Continuing with the comments from the last post, the 03/29/04 print edition of Business Week has a lead article which is the cover story for the European edition called "Fighting a New Cold War." It's by Bruce Nussbaum, who does some decent writing on foreign policy.
And this one does have some clear-headed moments, rejecting the fantasies of the "neoconservative" dreamers:
It is increasingly clear that the Bush Administration's unilateralism in Iraq created a major diversion from the larger war against terrorism and a major division among the allies in fighting it. The September 11 World Trade Center catastrophe and the war in Afghanistan brought the U.S. and Europe as close as they have ever been in fighting a common enemy. But the White House's adherence to a one-sided foreign policy led the U.S. into Iraq without the legitimacy of either NATO, the U.N., or a coalition of all the major nations that have stood with America in times past. Unilateralism, not terrorism, separated Europe from America.

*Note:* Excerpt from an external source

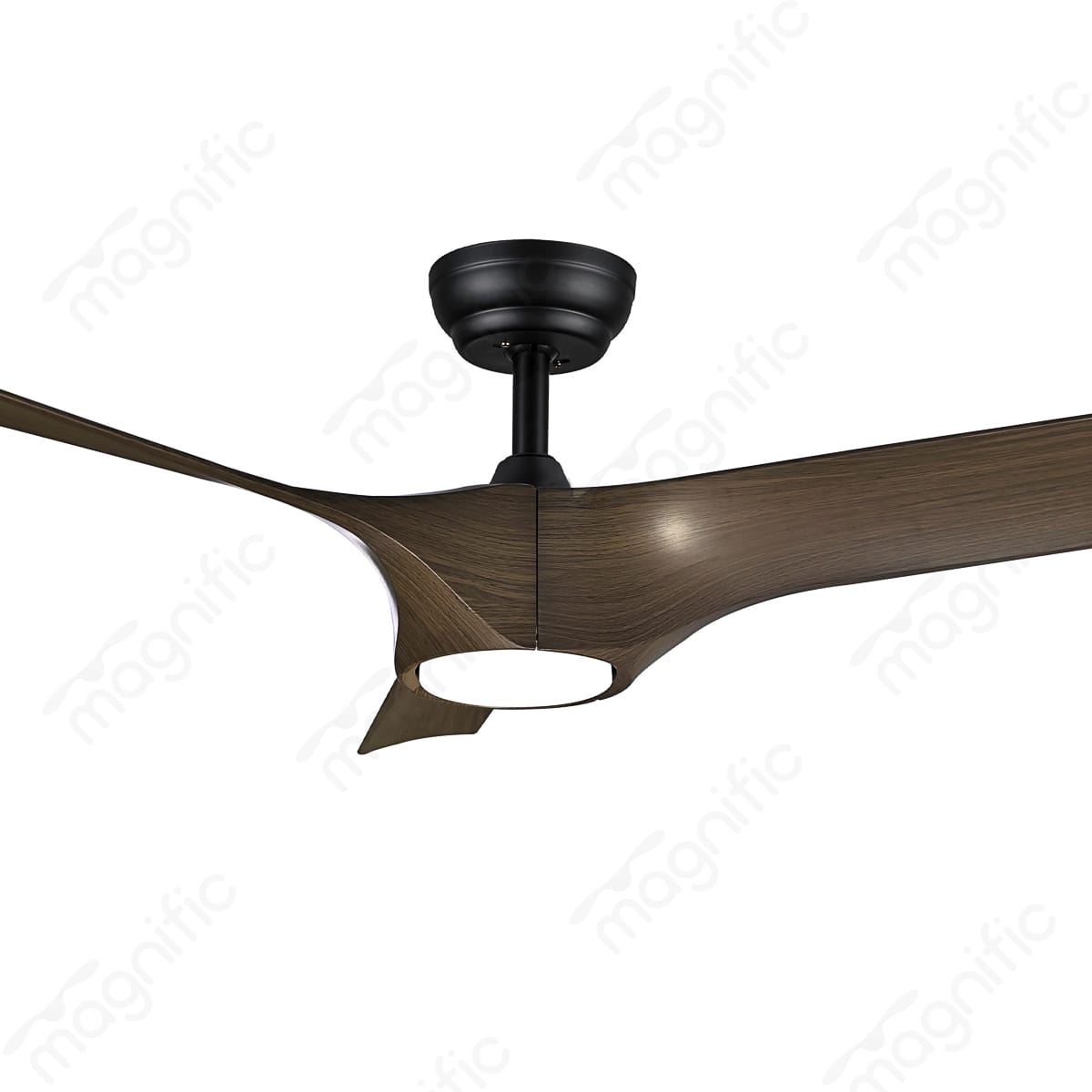 The Magnific Falcon brings modern style and function to your home. This 56 – inch ceiling fan features 3 sleek blades in matte black, matte white, or a beautiful matte wood finish to complement your décor. With a powerful DC motor that delivers airflow up to 9350 CFM, the Falcon keeps you comfortable year-round with a summer/winter option. The integrated LED light offers color-changing options for added ambiance, while the 6-speed remote control allows for effortless control. Magnific Falcon designer fan is ideal for medium to large rooms like bedrooms, living rooms, dining rooms, and home offices.

But dreamy Cold War nostalgia isn't going to fix that. This section of the article gives a flavor of the "new Cold War" dream:
The apt analogy is the Cold War. It is time to think not in terms of specific tactics, policies, or battles but in terms of an enduring campaign with an overarching theme that unites America and its allies against a common enemy. The defeat of communism was accomplished by a combination of military, political, and economic policies over a long period. From the time the Soviet Union lowered an Iron Curtain across Europe until the day the Berlin Wall fell, nearly half a century passed. The U.S. pumped billions into Western Europe through the Marshall Plan, generating economic growth and jobs to curb the immense power of Communist Parties in France and Italy and keep them from taking over. The Truman Doctrine provided U.S. military aid to Greece to defeat communist insurgents. Lest we forget, battles large and small raged around the globe. Some were won, some lost.
If nostalgia could beat The Terrorists, we would have already won.